CheckMate 274 is a multicenter, double-blind, randomized, Phase III trial conducted to evaluate the efficacy and safety of adjuvant OPDIVO®, as compared with placebo, in patients with muscle-invasive urothelial carcinoma following radical surgery (with or without previous neoadjuvant Cisplatin-based combination chemotherapy). A total of 709 patients with muscle-invasive urothelial carcinoma who had undergone radical surgery were randomly assigned in a 1:1 ratio to receive either OPDIVO® 240 mg as a 30-minute IV infusion (N=353) or placebo (N=356), every 2 weeks for up to 1 year. To be eligible, patients must have had radical surgery (R0, with negative surgical margins), with or without neoadjuvant Cisplatin-based chemotherapy. Patients must have had pathological evidence of urothelial carcinoma (originating in the bladder, ureter or renal pelvis) with a high risk of recurrence defined as follows: pathological stage of pT3, pT4a, or pN+ and patients not eligible for or declined adjuvant Cisplatin-based combination chemotherapy, patients who had not received neoadjuvant Cisplatin-based chemotherapy, and pathological stage of ypT2 to ypT4a or ypN+ for patients who received neoadjuvant Cisplatin. Both treatment groups were well balanced and approximately 40% of patients in both treatment groups had PD-L1 expression of 1% or more and 43% of patients had received previous neoadjuvant cisplatin therapy. The two Primary endpoints were Disease Free Survival (DFS) among all the patients, and among patients with a tumor Programmed Death-Ligand 1 (PD-L1) expression level of 1% or more. Secondary endpoints included Survival free from recurrence outside the urothelial tract, Overall Survival and Safety. The median follow up was 20.9 months among patients who received OPDIVO® and 19.5 months among those who received placebo.
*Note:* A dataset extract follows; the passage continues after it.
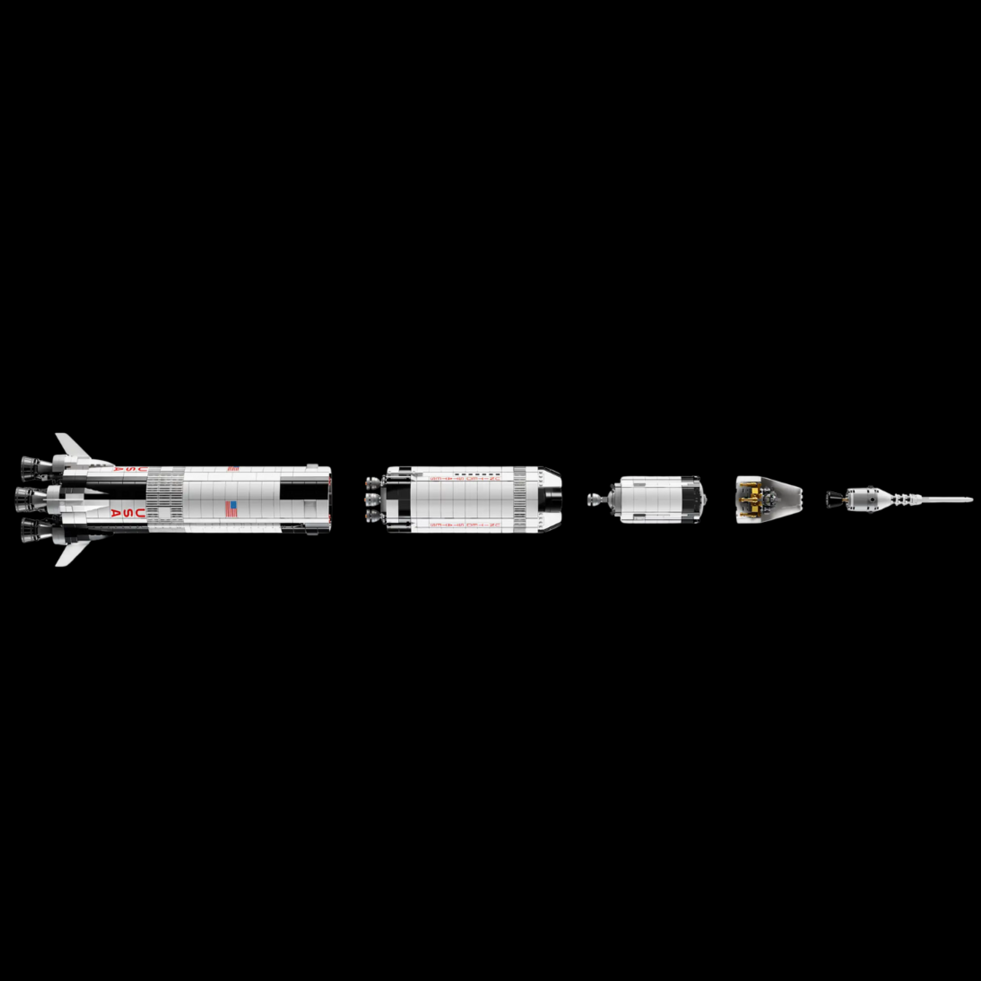 Ta miniaturowa rakieta jest w pełni modułowa, umożliwiając oddzielenie stopnia 1, stopnia 2, stopnia 3, modułu księżycowego oraz modułu dowodzenia, dokładnie tak jak miało to miejsce w rzeczywistej misji.

The median DFS was 20.8 months in the OPDIVO® group and 10.8 months in the placebo group in the intention-to-treat population, which was nearly double that with placebo. The percentage of patients who were alive and disease-free at 6 months was 74.9% with OPDIVO® and 60.3% with placebo, in the intention-to-treat population (HR for disease recurrence or death=0.70; P<0.001). Among patients with a PD-L1 expression level of 1% or more, the percentage who were alive and disease-free at 6 months was 74.5% with OPDIVO® and 55.7% with placebo, in the Intention-to-Treat Population (HR=0.55; P<0.001). The subgroup analysis showed that there was a higher probability of DFS with OPDIVO® than with placebo, and this benefit was observed regardless of nodal status, PD-L1 status, or use or nonuse of previous neoadjuvant Cisplatin-based chemotherapy.
The median survival free from recurrence outside the urothelial tract, in the intention-to-treat population, was 22.9 months among patients who received OPDIVO® and 13.7 months with placebo. The percentage of patients who were alive and free from recurrence outside the urothelial tract at 6 months was 77% with OPDIVO® and 62.7% with placebo (HR for recurrence outside the urothelial tract or death=0.72). Among those with a PD-L1 expression level of 1% or more, the percentage who were alive and free from recurrence outside the urothelial tract at 6 months was 75.3% and 56.7%, respectively (HR=0.55). Grade 3 or higher toxicities were noted in 17.9% of patients in the OPDIVO® group and 7.2% of patients in the placebo group.
It was concluded that among patients with high risk muscle-invasive urothelial carcinoma who had undergone radical surgery with curative intent, adjuvant treatment with OPDIVO® significantly improved Disease Free Survival, compared to placebo, in both intention-to-treat population and among patients with a PD-L1 expression level of 1% or more.
Adjuvant Nivolumab versus Placebo in Muscle-Invasive Urothelial Carcinoma. Bajorin DF, Witjes JA, Gschwend JE, et al. N Engl J Med 2021;384:2102-2114.